Lo ha invocato oggi il portavoce regionale ligure M5S, Marco De Ferrari, presentando un’interrogazione in Consiglio regionale sul tema.

“Invitiamo gli assessori Mai e Giampedrone a portare la questione domani in audizione nella Commissione Ambiente monotematica convocata in seguito alla nostra interrogazione, e a fare pressione nei prossimi giorni al tavolo nazionale col Governo per aggirare le burocrazie, segnalare e chiedere lo stato di emergenza idrica regionale al Ministero dell’Agricoltura.”

Nel corso del suo intervento, De Ferrari ha posto l’accento in particolare su tre obiettivi.

“In primis bisogna tutelare gli agricoltori locali, duramente colpiti dalla grave crisi di produzione causata dalla siccità, che perdura ormai dal 2016, e già messi in ginocchio da una crisi dilagante del settore che negli ultimi dieci anni in Liguria ha visto dimezzare il numero delle piccole-medie imprese agricole. Ma è anche necessario sensibilizzare i territori e gli enti locali su un consumo sostenibile delle risorse idriche, anche attraverso tempestive campagne di corretta informazione, e – non in ultimo – tutelare la fauna selvatica, stanziale e migratoria, già sottoposta a uno stato di stress ecologico senza pari, fermando come ha richiesto l’Ispra l’attività venatoria almeno sino a che l’emergenza siccità non sarà cessata.”
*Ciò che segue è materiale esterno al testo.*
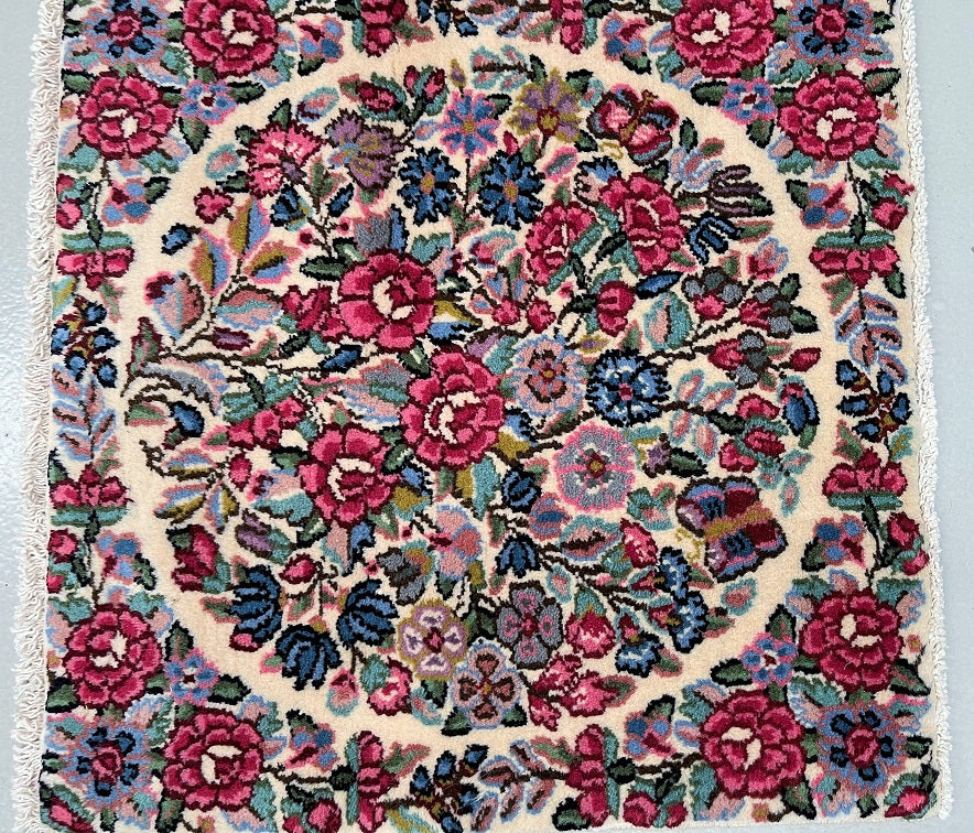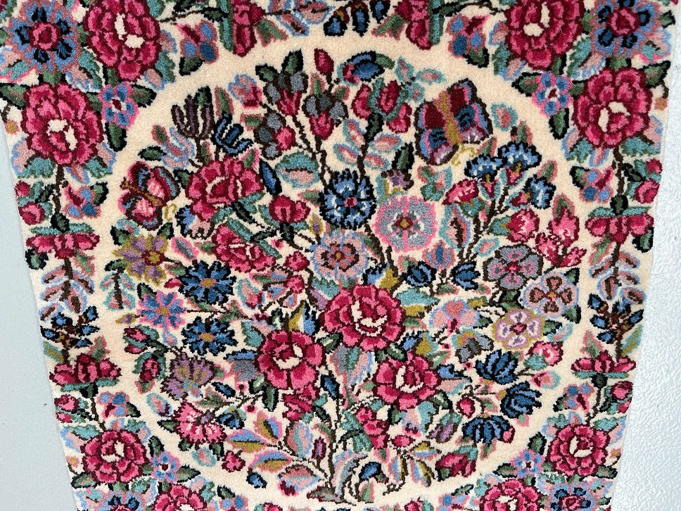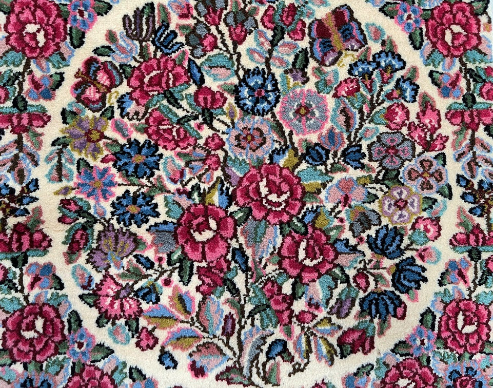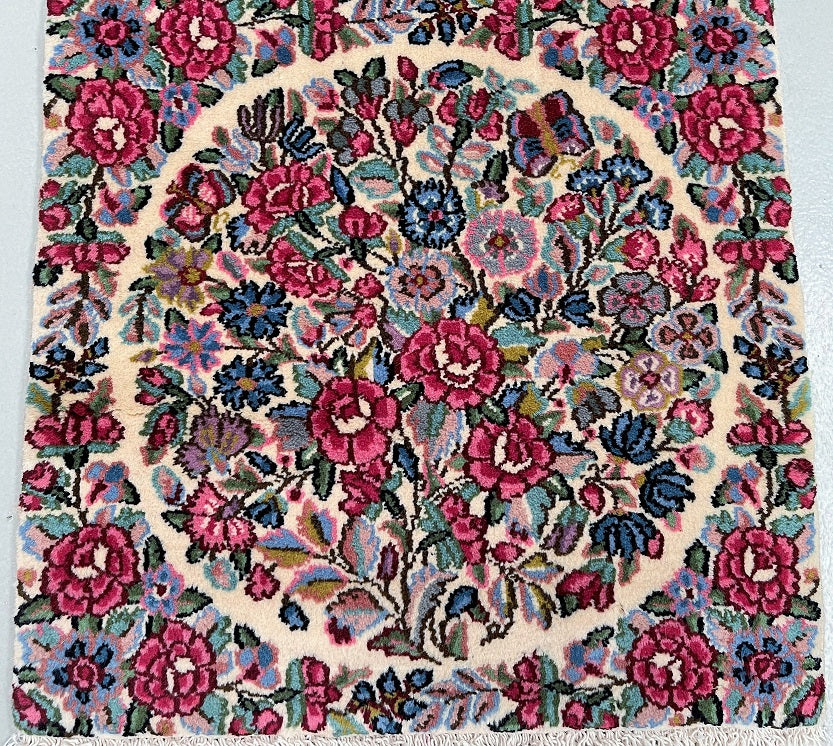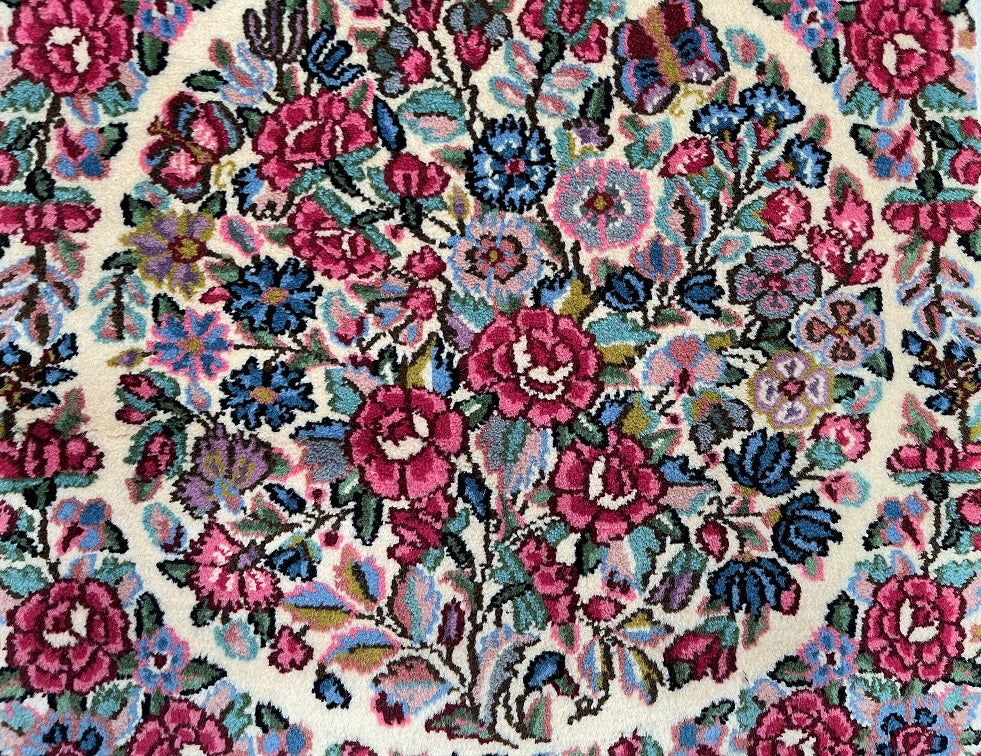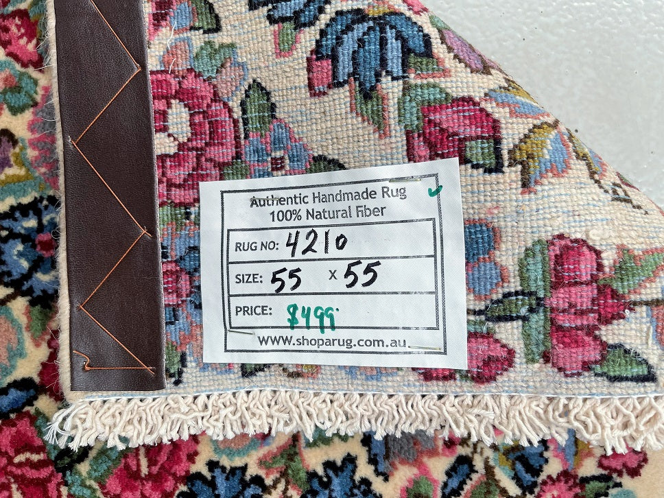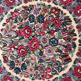 Fine Square Size Authentic Handmade Persian Kerman Rug. Above All We Do Have This Rug In A Matching Pair. It also Has A Pure Lamb’s Wool Pile on Cotton Base. Beige, Blue, Red And Pink Tones Dyed Using Traditional Methods.

“I dati di Arpal, tra il gennaio e il settembre di quest’anno – illustra il portavoce M5S – documentano una riduzione pluviometrica nei quattro capoluoghi di provincia tra il 55 e il 70 per cento rispetto alla media degli ultimi 50 anni. Secondo Limet, se la tendenza continuerà ad essere questa, Genova rischia il razionamento dell’acqua prima di Natale. Basti pensare che il Brugneto si trova già oggi 12 metri sotto il livello di colma e il val Noci giace in una situazione addirittura peggiore. La Regione intervenga quanto prima per scongiurare conseguenze ancora peggiori sull’ambiente, sulla fauna e sulle attività lavorative legate all’agricoltura.”